WORK INSTRUCTION: Leave out the pictures and transcribe the rest of the records exactly.

Saved entries
————————
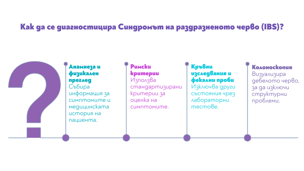 Диагностичният процес обикновено започва с подробна анамнеза и физикален преглед. Лекарят ще използва т.нар. “Римски критерии”, които изискват наличието на повтаряща се коремна болка (поне веднъж седмично през последните 3 месеца), свързана с два или повече от следните фактори: свързана с дефекация, промяна в честотата на изхождане или промяна във формата на изпражненията. За да се изключат други състояния като целиакия, възпалителни чревни заболявания (болест на Крон, улцерозен колит) или инфекции, могат да бъдат назначени кръвни изследвания, фекални проби, а понякога и колоноскопия.
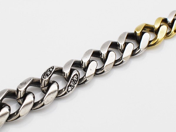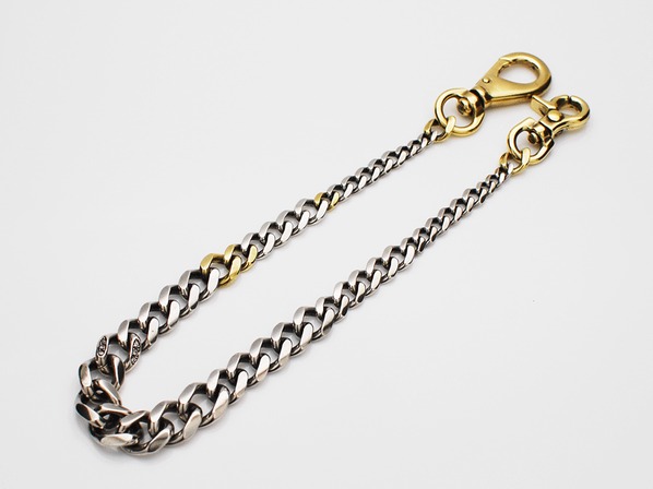 ◆ミックスカラーでグラデーションに組まれたCavalry Chain(騎兵チェーン)のウオレットチェーンで、Swarovskiが怪しく輝きます。
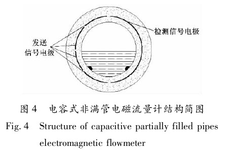 ②電容式非滿管污水廠出水用電磁流量計(jì)h。電容式非滿管污水廠出水用電磁流量計(jì)結(jié)構(gòu)簡圖如圖4所示。、檢測信號電極  發(fā)送信號電
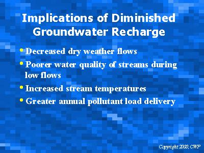 This decrease in infiltration limits groundwater recharge, which can lead to decreased baseflow, an increase in stream temperature, and a higher level of pollutants in the stream.
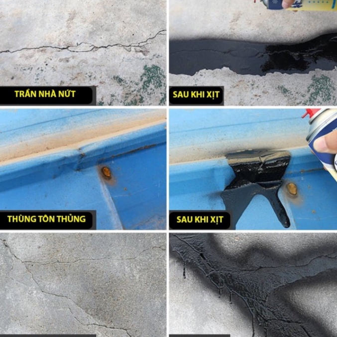 Tên sản phẩm: Chai xịt chống thấm Waterproof Spray PolyurethaneBịt kín mọi KHE NỨT , chống thấm TƯỜNG, TRẦN, MÁI NHÀ , SÂN THƯỢNG, NHÀ VỆ SINH, MÁNG SÓI, ...
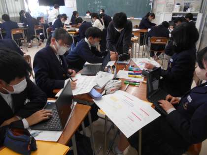 【左写真】1年生の総合的な学習の時間では、班ごとにSDG'sの17の目標の中で自分たちが取り組めることについての発表準備をしました。
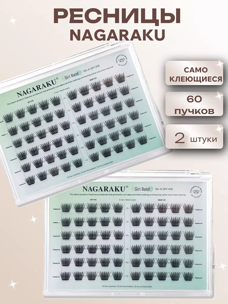 Самоклеящиеся ресницы‑пучки Nagaraku Girl Band Style — удобное решение для создания яркого, выразительного взгляда в считанные минуты. Ресницы изготовлены из мягкого синтетического моноволокна, которое не утяжеляет веко, не вызывает раздражения и обеспечивает комфортное ношение на протяжении всего дня. Благодаря самоклеящейся основе с готовым клеевым слоем вам не нужно дополнительно подбирать и наносить клей. Особенность модели — продуманная форма пучков, создающая эффект насыщенного объёма с естественной текстурой: ресницы выглядят пышно, но при этом не перегружают взгляд. Длина волокон (10–14 мм) и толщина 0,07 мм обеспечивают гармоничный баланс между выразительностью и натуральностью, позволяя варьировать образ от повседневного до вечернего. В упаковке представлено достаточное количество пучков для экспериментов с интенсивностью эффекта, а клейкая подложка с фольгированным основанием выдерживает многократное переклеивание без потери липкости, что снижает расход материала и упрощает работу. Продукт объединяет простоту применения, надёжность материалов и профессиональный результат: с Nagaraku Girl Band Style вы легко создадите стильный, притягательный взгляд без посещения салона.
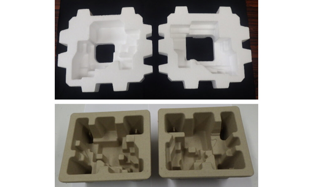 パルプモールドは水で溶かした再生紙繊維を金型で成形するもので、従来のビーズ法発泡スチロール(expanded polystyrene、EPS)に比べて環境負荷の低減に貢献する。B433dn/B513dnではEPS同等の緩衝性能を目指し、形状の試行錯誤を重ねることで、積載効率を変えることなく従来同等の緩衝性能を実現した(写真6)。
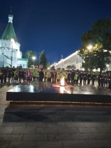 В богослужении вместе с волонтёрами приняли участие 45 курсантов Нижегородской академии МВД России. По окончании мероприятия состоялась патриотическая памятная акция «Свеча памяти» и возложение волонтёрами и курсантами цветов к Вечному огню в Кремле.
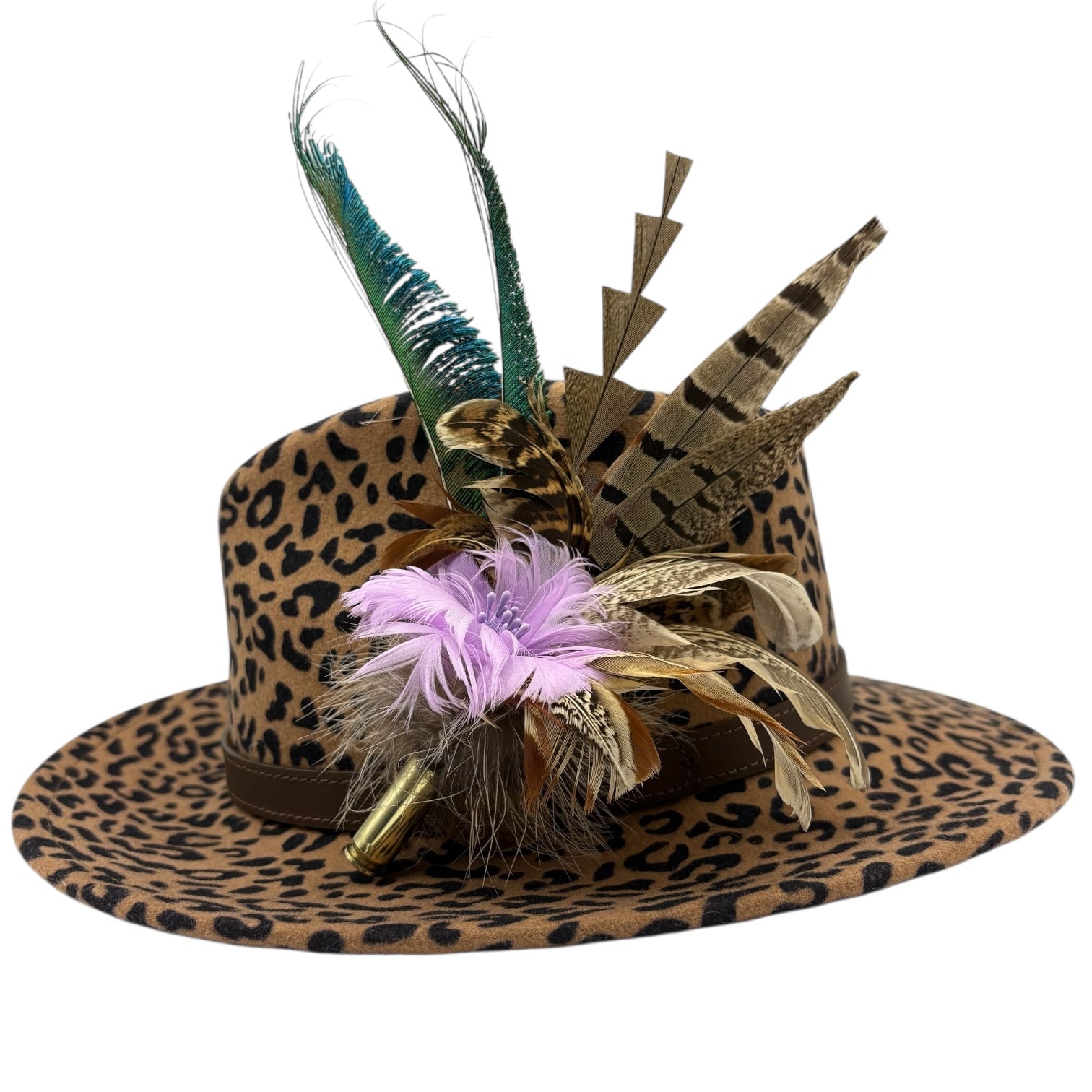 Feathers are in a recycled polished bullet case with a clasp attached for pinning through the ribbon band or over the leather band on the hat. We add a magnet to the feathers for extra security and to minimize the movement of the feathers on the hat.
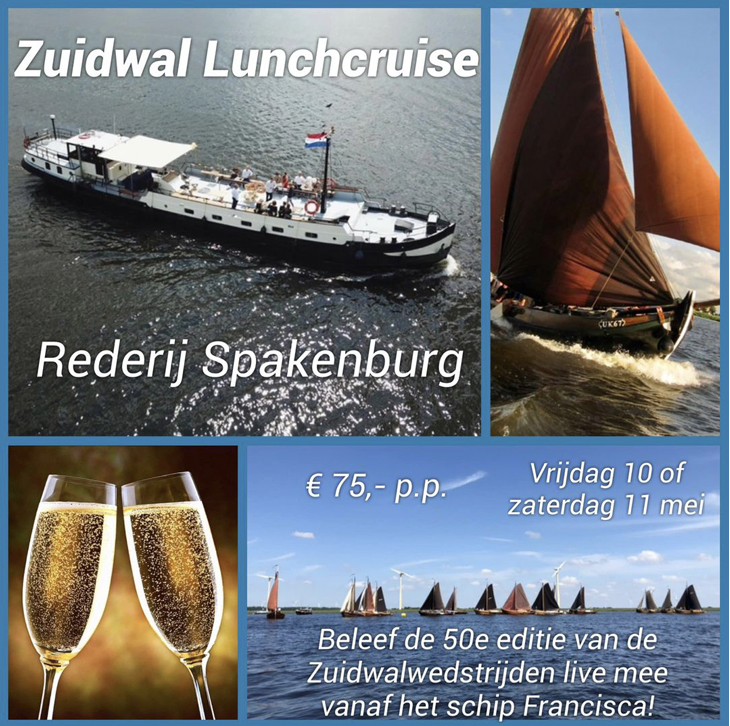 Cruise met ons mee tijdens de Zuidwalwedstrijden op ons schip Francisca!
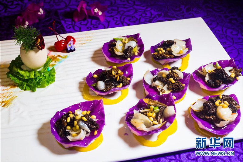 近日,三亞南山新推出用野生羊肚菌和鮮百合制作的名為“紫氣東來”素菜。新華網(wǎng)發(fā)(陳文武攝)
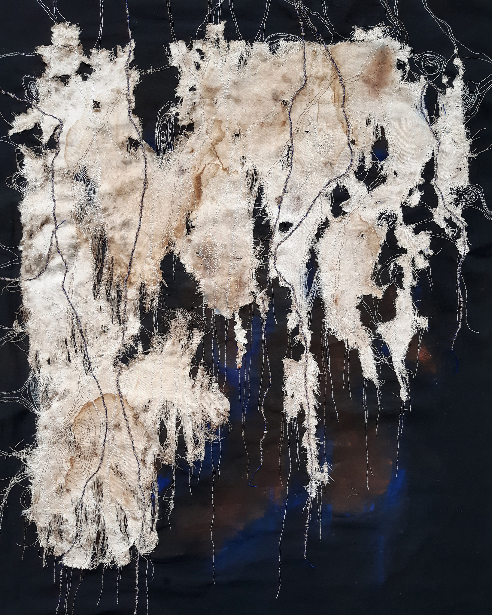 Dit werk heeft voordat ik aan het borduren ben gegaan eerst in de GFT-bak gelegen. Daardoor is het verkleurd, vergaan en verteerd op sommigen plekken. Mooi dus. Daarna met de hand erop geborduurd.
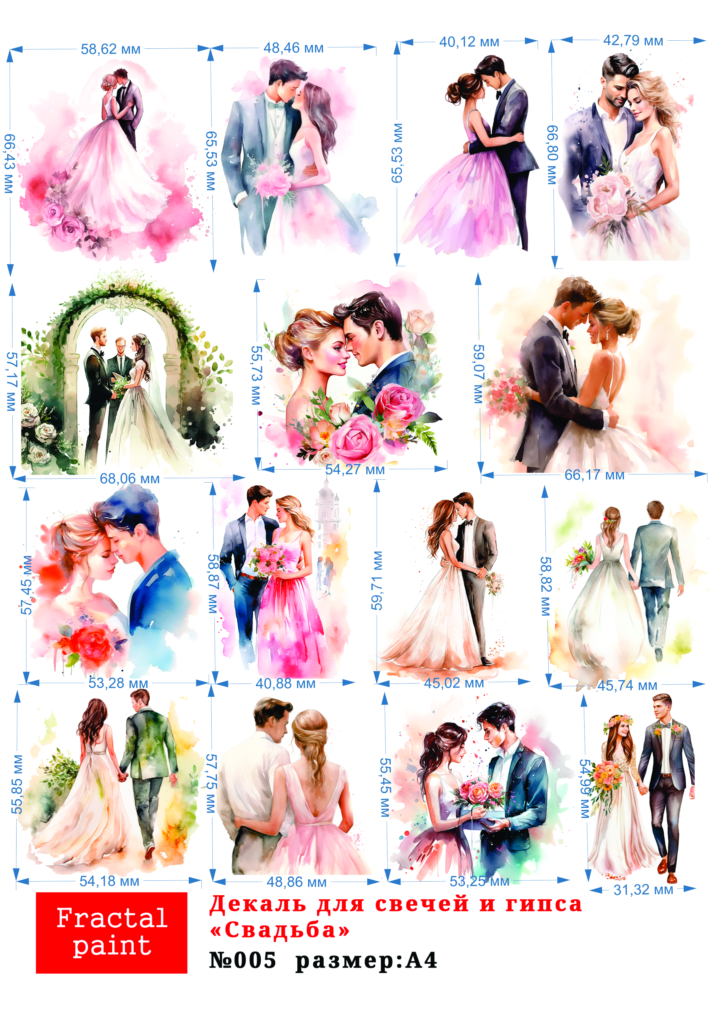 Трансфер переводной - декаль для свечей и гипса свадьба 005
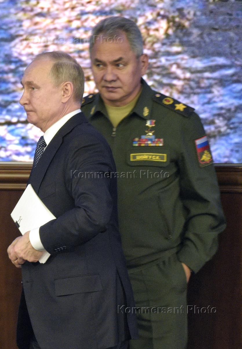 Расширенное заседание коллегии министерства обороны России. Министр обороны России Сергей Шойгу (слева) и президент России Владимир Путин (справа) на заседании.
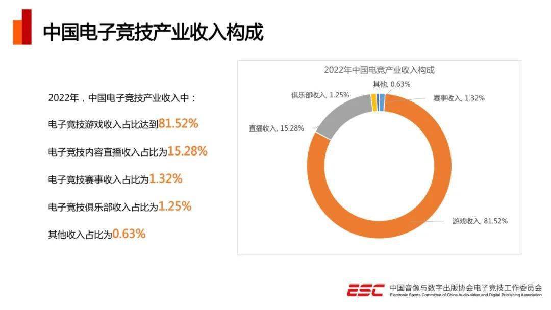 电竞赛事、电竞俱乐部这两项,在电竞观众眼里最核心的垂直电竞产业,在2022年创造的收入仅占1.32%和1.25%,沦落到了电竞产业里忽略不计的地位。
————————
SOLUTION TO THIS EXERCISE:
 Диагностичният процес обикновено започва с подробна анамнеза и физикален преглед. Лекарят ще използва т.нар. “Римски критерии”, които изискват наличието на повтаряща се коремна болка (поне веднъж седмично през последните 3 месеца), свързана с два или повече от следните фактори: свързана с дефекация, промяна в честотата на изхождане или промяна във формата на изпражненията. За да се изключат други състояния като целиакия, възпалителни чревни заболявания (болест на Крон, улцерозен колит) или инфекции, могат да бъдат назначени кръвни изследвания, фекални проби, а понякога и колоноскопия.
 ◆ミックスカラーでグラデーションに組まれたCavalry Chain(騎兵チェーン)のウオレットチェーンで、Swarovskiが怪しく輝きます。
 ②電容式非滿管污水廠出水用電磁流量計(jì)h。電容式非滿管污水廠出水用電磁流量計(jì)結(jié)構(gòu)簡圖如圖4所示。、檢測信號電極  發(fā)送信號電
 This decrease in infiltration limits groundwater recharge, which can lead to decreased baseflow, an increase in stream temperature, and a higher level of pollutants in the stream.
 Tên sản phẩm: Chai xịt chống thấm Waterproof Spray PolyurethaneBịt kín mọi KHE NỨT , chống thấm TƯỜNG, TRẦN, MÁI NHÀ , SÂN THƯỢNG, NHÀ VỆ SINH, MÁNG SÓI, ...
 【左写真】1年生の総合的な学習の時間では、班ごとにSDG'sの17の目標の中で自分たちが取り組めることについての発表準備をしました。
 Самоклеящиеся ресницы‑пучки Nagaraku Girl Band Style — удобное решение для создания яркого, выразительного взгляда в считанные минуты. Ресницы изготовлены из мягкого синтетического моноволокна, которое не утяжеляет веко, не вызывает раздражения и обеспечивает комфортное ношение на протяжении всего дня. Благодаря самоклеящейся основе с готовым клеевым слоем вам не нужно дополнительно подбирать и наносить клей. Особенность модели — продуманная форма пучков, создающая эффект насыщенного объёма с естественной текстурой: ресницы выглядят пышно, но при этом не перегружают взгляд. Длина волокон (10–14 мм) и толщина 0,07 мм обеспечивают гармоничный баланс между выразительностью и натуральностью, позволяя варьировать образ от повседневного до вечернего. В упаковке представлено достаточное количество пучков для экспериментов с интенсивностью эффекта, а клейкая подложка с фольгированным основанием выдерживает многократное переклеивание без потери липкости, что снижает расход материала и упрощает работу. Продукт объединяет простоту применения, надёжность материалов и профессиональный результат: с Nagaraku Girl Band Style вы легко создадите стильный, притягательный взгляд без посещения салона.
 パルプモールドは水で溶かした再生紙繊維を金型で成形するもので、従来のビーズ法発泡スチロール(expanded polystyrene、EPS)に比べて環境負荷の低減に貢献する。B433dn/B513dnではEPS同等の緩衝性能を目指し、形状の試行錯誤を重ねることで、積載効率を変えることなく従来同等の緩衝性能を実現した(写真6)。
 В богослужении вместе с волонтёрами приняли участие 45 курсантов Нижегородской академии МВД России. По окончании мероприятия состоялась патриотическая памятная акция «Свеча памяти» и возложение волонтёрами и курсантами цветов к Вечному огню в Кремле.
 Feathers are in a recycled polished bullet case with a clasp attached for pinning through the ribbon band or over the leather band on the hat. We add a magnet to the feathers for extra security and to minimize the movement of the feathers on the hat.
 Cruise met ons mee tijdens de Zuidwalwedstrijden op ons schip Francisca!
 近日,三亞南山新推出用野生羊肚菌和鮮百合制作的名為“紫氣東來”素菜。新華網(wǎng)發(fā)(陳文武攝)
 Dit werk heeft voordat ik aan het borduren ben gegaan eerst in de GFT-bak gelegen. Daardoor is het verkleurd, vergaan en verteerd op sommigen plekken. Mooi dus. Daarna met de hand erop geborduurd.
 Трансфер переводной - декаль для свечей и гипса свадьба 005
 Расширенное заседание коллегии министерства обороны России. Министр обороны России Сергей Шойгу (слева) и президент России Владимир Путин (справа) на заседании.
 电竞赛事、电竞俱乐部这两项,在电竞观众眼里最核心的垂直电竞产业,在2022年创造的收入仅占1.32%和1.25%,沦落到了电竞产业里忽略不计的地位。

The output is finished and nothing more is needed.